# DATA FOR THIS TASK
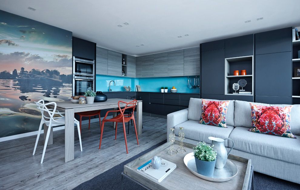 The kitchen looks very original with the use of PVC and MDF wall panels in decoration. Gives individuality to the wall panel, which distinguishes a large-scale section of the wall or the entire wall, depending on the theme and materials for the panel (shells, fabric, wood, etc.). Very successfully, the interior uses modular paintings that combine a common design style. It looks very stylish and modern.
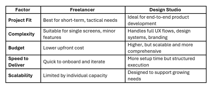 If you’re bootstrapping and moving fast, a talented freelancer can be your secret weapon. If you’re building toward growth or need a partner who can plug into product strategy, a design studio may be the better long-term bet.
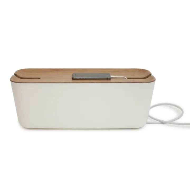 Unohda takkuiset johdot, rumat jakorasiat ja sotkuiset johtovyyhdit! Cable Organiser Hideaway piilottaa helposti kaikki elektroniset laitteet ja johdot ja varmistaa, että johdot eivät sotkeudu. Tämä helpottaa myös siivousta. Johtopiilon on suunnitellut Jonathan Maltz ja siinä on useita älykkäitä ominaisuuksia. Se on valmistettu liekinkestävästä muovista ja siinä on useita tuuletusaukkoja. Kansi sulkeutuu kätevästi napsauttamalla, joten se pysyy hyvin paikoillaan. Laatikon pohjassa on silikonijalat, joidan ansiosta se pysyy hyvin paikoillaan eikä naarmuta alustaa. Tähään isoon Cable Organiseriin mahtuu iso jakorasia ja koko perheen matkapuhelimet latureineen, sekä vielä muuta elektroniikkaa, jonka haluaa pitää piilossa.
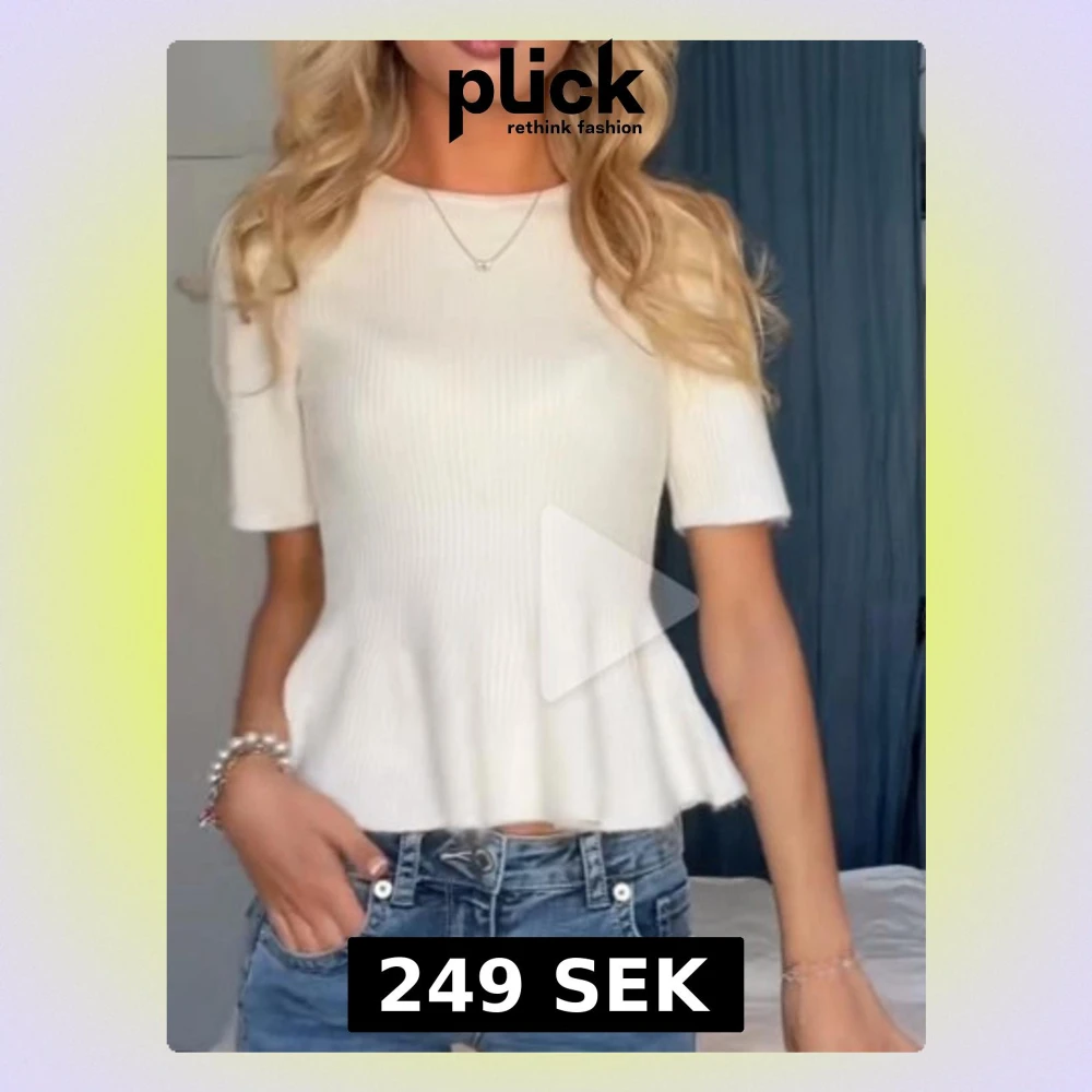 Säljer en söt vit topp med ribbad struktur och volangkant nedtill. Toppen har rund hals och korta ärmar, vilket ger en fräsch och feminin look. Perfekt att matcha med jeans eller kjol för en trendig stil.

...

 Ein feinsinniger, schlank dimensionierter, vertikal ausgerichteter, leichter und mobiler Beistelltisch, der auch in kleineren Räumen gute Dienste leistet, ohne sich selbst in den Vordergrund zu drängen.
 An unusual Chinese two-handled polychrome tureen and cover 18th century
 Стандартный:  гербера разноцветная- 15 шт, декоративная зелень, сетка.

# REQUIRED ACTION
Out of the records above, please copy exactly the lines from the line with "The kitchen looks" up to and including the line with "If you’re bootstrapping", minus the pictures.

# PROBLEM SOLUTION
 The kitchen looks very original with the use of PVC and MDF wall panels in decoration. Gives individuality to the wall panel, which distinguishes a large-scale section of the wall or the entire wall, depending on the theme and materials for the panel (shells, fabric, wood, etc.). Very successfully, the interior uses modular paintings that combine a common design style. It looks very stylish and modern.
 If you’re bootstrapping and moving fast, a talented freelancer can be your secret weapon. If you’re building toward growth or need a partner who can plug into product strategy, a design studio may be the better long-term bet.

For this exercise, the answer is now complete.